The averages, time trend data, and so on, used to demonstrate that cybernation has had little or no effect on the labor force—and by implication, presumably, that it will have little effect—by their very nature wash out the present exceptional examples of cybernation’s impact on the workers. As Secretary of Labor Wirtz said recently, expressing reservations about labor statistics, “A man with one foot on a hot stove and another in a deep freezer—I suppose you could say that he is on the average comfortable.” It would be surprising if the impact of cybernation in its present relatively early stages were felt everywhere or in particular places sufficiently impressively to show up in the crude statistical measures of technological change which are all we have.

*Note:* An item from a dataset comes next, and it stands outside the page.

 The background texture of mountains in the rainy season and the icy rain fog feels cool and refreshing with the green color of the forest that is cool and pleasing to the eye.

In The Next Generation, I argue a different, if related, viewpoint than that of the Ad Hoc Committee on the Triple Revolution regarding the effects of cybernation on employment. I deliberately used “disrupt,” not “unemploy,” in order to emphasize both unemployment produced by cybernation, and, for many who are employed, radical changes in the substantial content and status of their jobs. For example, at the American Society for Public Administration’s 1963 Symposium of Automation and Government, Harold Seidman, then Acting Assistant Director for Management and Organization in the U. S. Bureau of the Budget, said:
A great proportion of [government] employees will face the prospect of (1) a mad, increasingly competitive scramble for the relatively fewer jobs in the fields in which they may be qualified or (2) shifting or upgrading their occupation and career objectives numerous times over the years in order to qualify for new opportunities.

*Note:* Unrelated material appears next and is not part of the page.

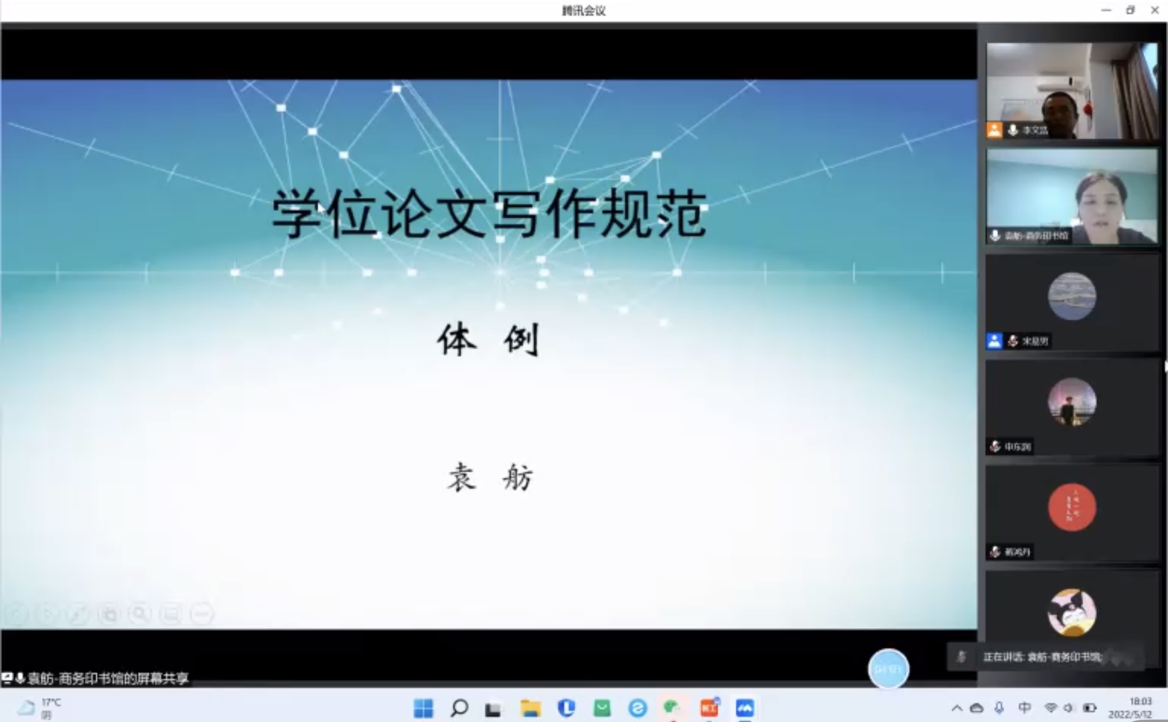 2022年5月12日晚,商务印书馆编审、老王磁力 语言学及应用语言学专业2013届校友袁舫老师为老王磁力学生带来一场题为《学位论文写作规范》的线上专题讲座。讲座由陈昌来教授主持,曹秀玲教授和李文浩教授共同出席。

6: Possibly we could invent a society which one way or another provides full “employment.” Doubtless we could have a full employment economy with a war and its stiff regulation of consumption, production, and manpower allocations. But can our type of society and economic system have full employment without a war? (Indeed, would we have as much employment as we do now without the cold war weapons industry?) To do so, our society would have to transform its values about what it is willing to pay well for and what it is willing to give up in terms of efficiency in the name of humanitarianism. (For it may well be that if massive efforts in the public sector were to be operated efficiently, they would, by their very scope and scale, encourage their cybernation.) That we seem unready yet to make these transformations is evident in Bell’s lament that “It has been extraordinarily difficult to get the government to undertake programs (involving direct government spending in areas such as housing, urban transport, medical care, and education).” Part of what’s going to be involved in getting the needed shift—if we do get it—in values and styles of doing and paying for work will be recognizing the likely impacts of cybernation on conventional work—not in deprecating its very likely contribution to the “difficult political and economic problems that lie ahead.”